◆ **What needs to be done**:
Please output all of the entries exactly and omit any images they hold.

Collected data entries:
▼▼▼
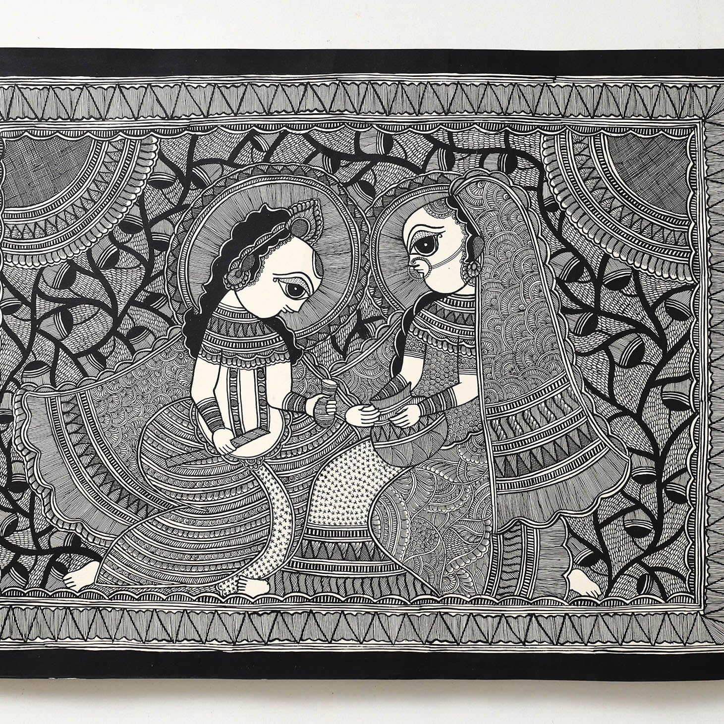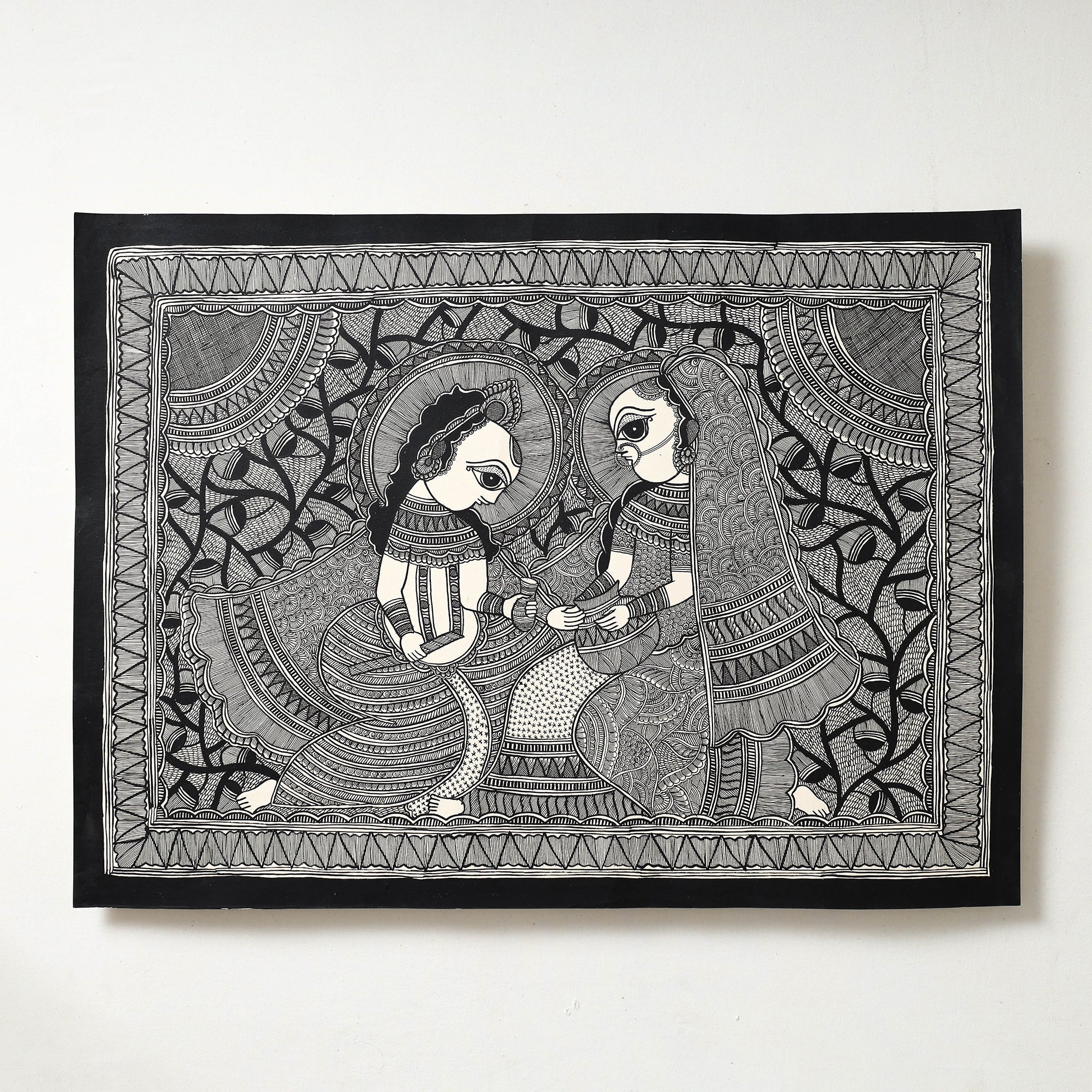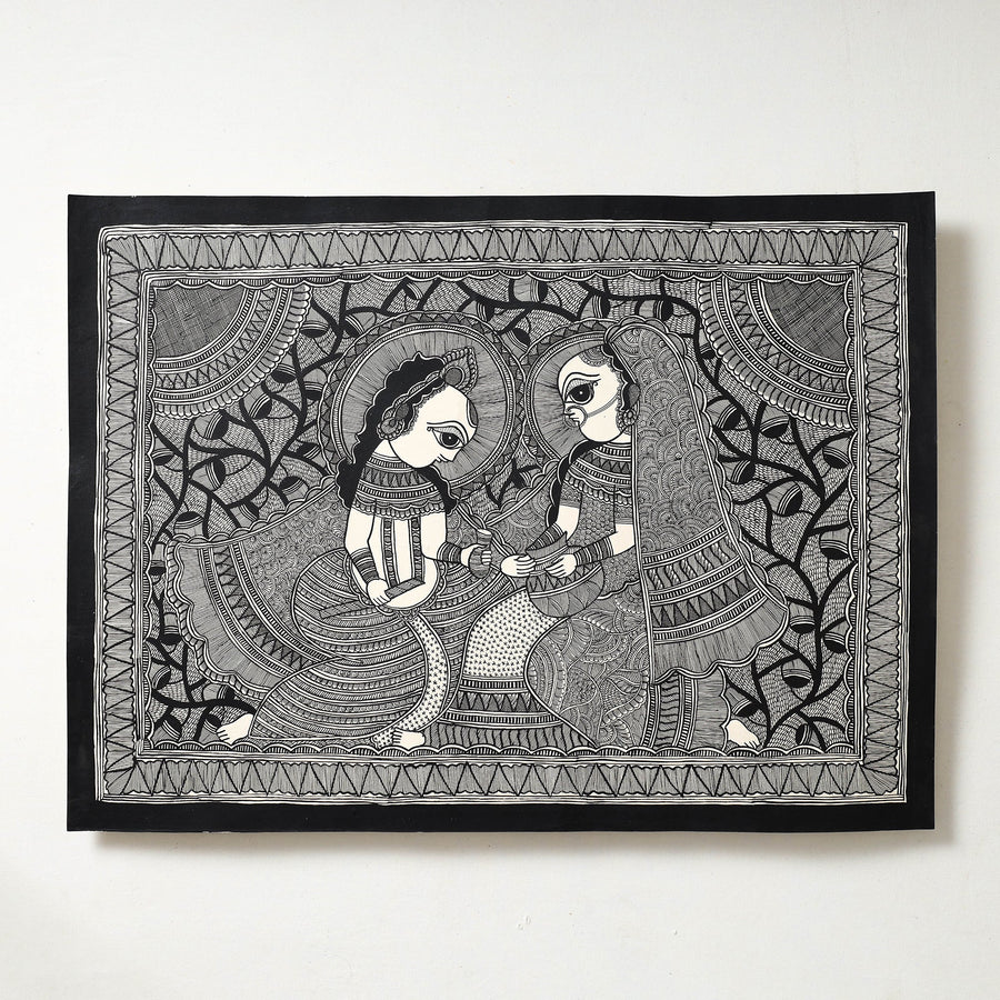 This original artwork of madhubani handpainted is done on handmade paper base, made using natural colours and permanent ink. Madhubani paintings is one of the many famous traditional Indian art forms. by master artisan Hira Devi from Bihar.
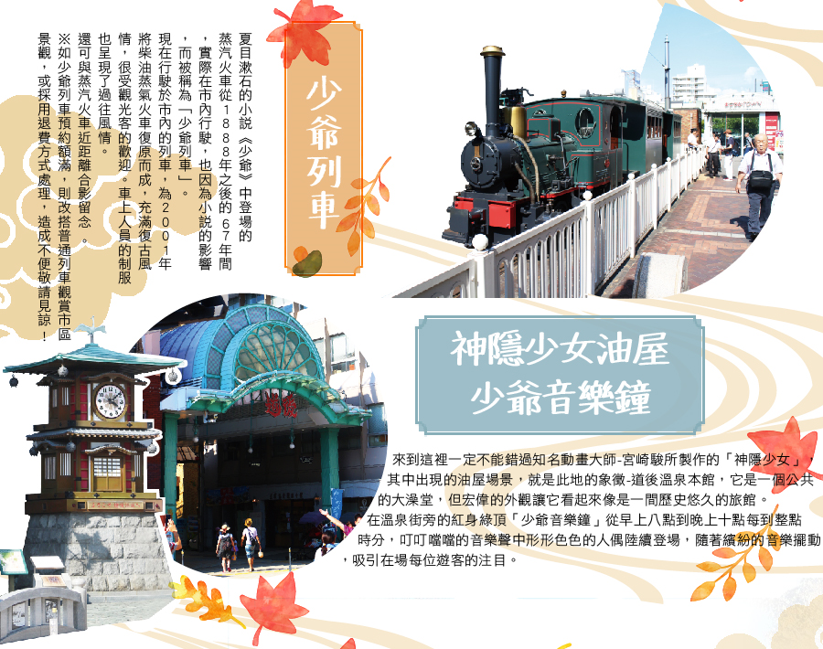 來到這裡一定要來參觀著名的道後公共溫泉湯屋,這外形是不是和宮崎駿動晝片「神隱少女」油湯場景非常相似呢?雖然在這已看不到湯婆婆、千尋的身影但造型之相似總讓人感動到會心一笑;在溫泉街旁的紅身綠頂『少爺音樂鐘』從早上八點到晚上十點每到整點時分,在叮叮噹噹的音樂聲中形形色色的人偶陸續登場隨著繽。
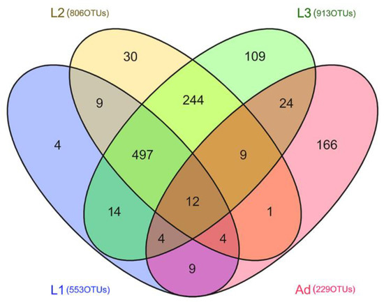In this study, a total of 1,997,394 quality–filtered bacterial sequences were retrieved from the 54 samples for the primer pair F515/R907, ranging from 26,163 to 61,214 sequences per sample (Table S2). A total of 1136 bacterial OTUs were detected (relative abundance (%) <0.01%), with all samples ranging from 200 to 5912 (97% similarity), and 12 OTUs were shared across all life stages. There were 553, 806, 913 and 229 OTUs in L1, 1st instar; L2, 2nd instar; L3, 3rd instar and Ad, Adults, respectively. In addition, there were unique OTUs within each stages, especially for adults, where the unique OTUs accounted for 72.4% with the 229 distinct OTUs observed, and the unique OTUs of 1st instar, 2nd instar, 3rd instar accounted for 0.7%, 3.7% and 11.9%, separately (Figure 1).
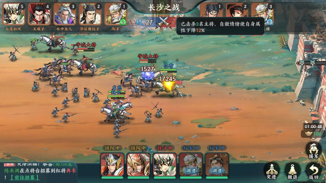 5.斩杀敌将会叠加连斩debuff,降低百分比的属性。
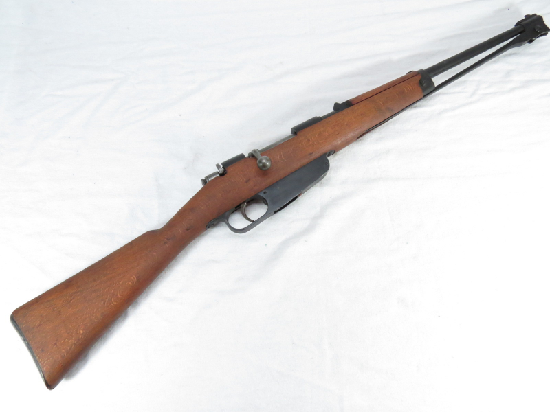 Repetierbüchse Carcano M91TS Kal. 7,35x51 - WKII Wehrmacht ?. Lauf gut leicht rauh. Gültiger Englischer Beschuss. Guter gebrauchter Zustand mit Gebrauchsspuren siehe Bilder. Verkauf nur an EWB.
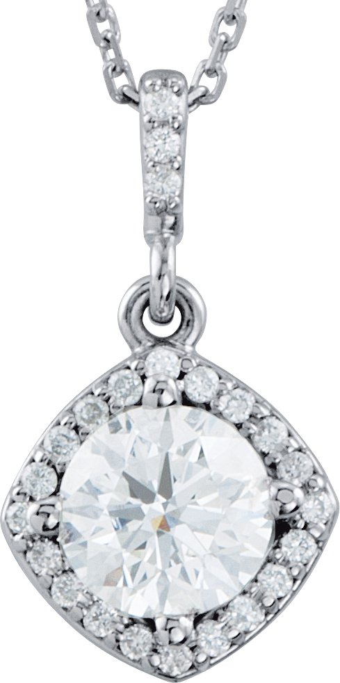 14K White 5/8 CTW Natural Diamond Halo-Style 18" Necklace
▲▲▲
◆ **Answer below**:
 This original artwork of madhubani handpainted is done on handmade paper base, made using natural colours and permanent ink. Madhubani paintings is one of the many famous traditional Indian art forms. by master artisan Hira Devi from Bihar.
 來到這裡一定要來參觀著名的道後公共溫泉湯屋,這外形是不是和宮崎駿動晝片「神隱少女」油湯場景非常相似呢?雖然在這已看不到湯婆婆、千尋的身影但造型之相似總讓人感動到會心一笑;在溫泉街旁的紅身綠頂『少爺音樂鐘』從早上八點到晚上十點每到整點時分,在叮叮噹噹的音樂聲中形形色色的人偶陸續登場隨著繽。
In this study, a total of 1,997,394 quality–filtered bacterial sequences were retrieved from the 54 samples for the primer pair F515/R907, ranging from 26,163 to 61,214 sequences per sample (Table S2). A total of 1136 bacterial OTUs were detected (relative abundance (%) <0.01%), with all samples ranging from 200 to 5912 (97% similarity), and 12 OTUs were shared across all life stages. There were 553, 806, 913 and 229 OTUs in L1, 1st instar; L2, 2nd instar; L3, 3rd instar and Ad, Adults, respectively. In addition, there were unique OTUs within each stages, especially for adults, where the unique OTUs accounted for 72.4% with the 229 distinct OTUs observed, and the unique OTUs of 1st instar, 2nd instar, 3rd instar accounted for 0.7%, 3.7% and 11.9%, separately (Figure 1).
 5.斩杀敌将会叠加连斩debuff,降低百分比的属性。
 Repetierbüchse Carcano M91TS Kal. 7,35x51 - WKII Wehrmacht ?. Lauf gut leicht rauh. Gültiger Englischer Beschuss. Guter gebrauchter Zustand mit Gebrauchsspuren siehe Bilder. Verkauf nur an EWB.
 14K White 5/8 CTW Natural Diamond Halo-Style 18" Necklace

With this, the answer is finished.